Я поймал себя на том, что опять погружаюсь в прошлое. Я распахнул окно и уставился на площадь. Она была пустынна. Лишь у ярко освещенного газетного киоска на другой стороне несколько парней рассматривали парижские журналы с обнаженными красавицами да на трамвайных путях стояла маленькая женщина с ломиком в руках. Трамваи, наползавшие на нее то с одной, то с другой стороны, сыпали искры и погромыхивали. Женщина звякала ломиком, переводя рельсы, и вагончики с опущенными окнами катились дальше, озаряя голубыми вспышками темные улицы. Город глухо шумел. В этот монотонный шум изредка врезывались одинокие, какие-то панические вопли автомобилей, иногда совсем рядом слышался смех и громкие голоса.

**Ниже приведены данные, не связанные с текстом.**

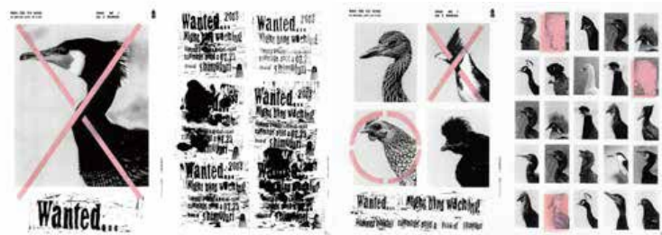
地域活性化プロジェクトのイベントポスター「ウォンテッド」(cl: ラブコトウ)

Каким же темным и тихим был этот город в конце лета 1943 года, когда я впервые приехал в него! Из окна мансарды, где меня поселили, ничего нельзя было увидеть... Опять! Я опять возвращался в прошлое...

С досадой задернув штору, отошел к столу. Но там ждало новое искушение: пухлая желтая телефонная книжка. Полистав ее, можно в полминуты установить, живут ли твои знакомые в этом городе или не живут, найти их адреса и — что важнее — телефон, с помощью которого тут же можно связаться с ними. Почти непроизвольно открыл я книжку на букву «В»: Валлон, Луи. Вероятно, он. Я соединился с городом и набрал номер. Телефон подавал сигнал за сигналом: «Гу-у, гу-у, гу-у». Там, на другом конце провода, никто не подходил. С досадой отнял я трубку от уха, готовясь опустить на рычажок, но в трубке вдруг щелкнуло, и смеющийся молодой голос прокричал издалека:

 — Ал-ле, ал-ле-о...

 — Могу я говорить с месье Валлоном?

 — С которым? — стараясь подавить смех, переспросили в трубке. — Здесь их трое. Ученик, студент и депутат.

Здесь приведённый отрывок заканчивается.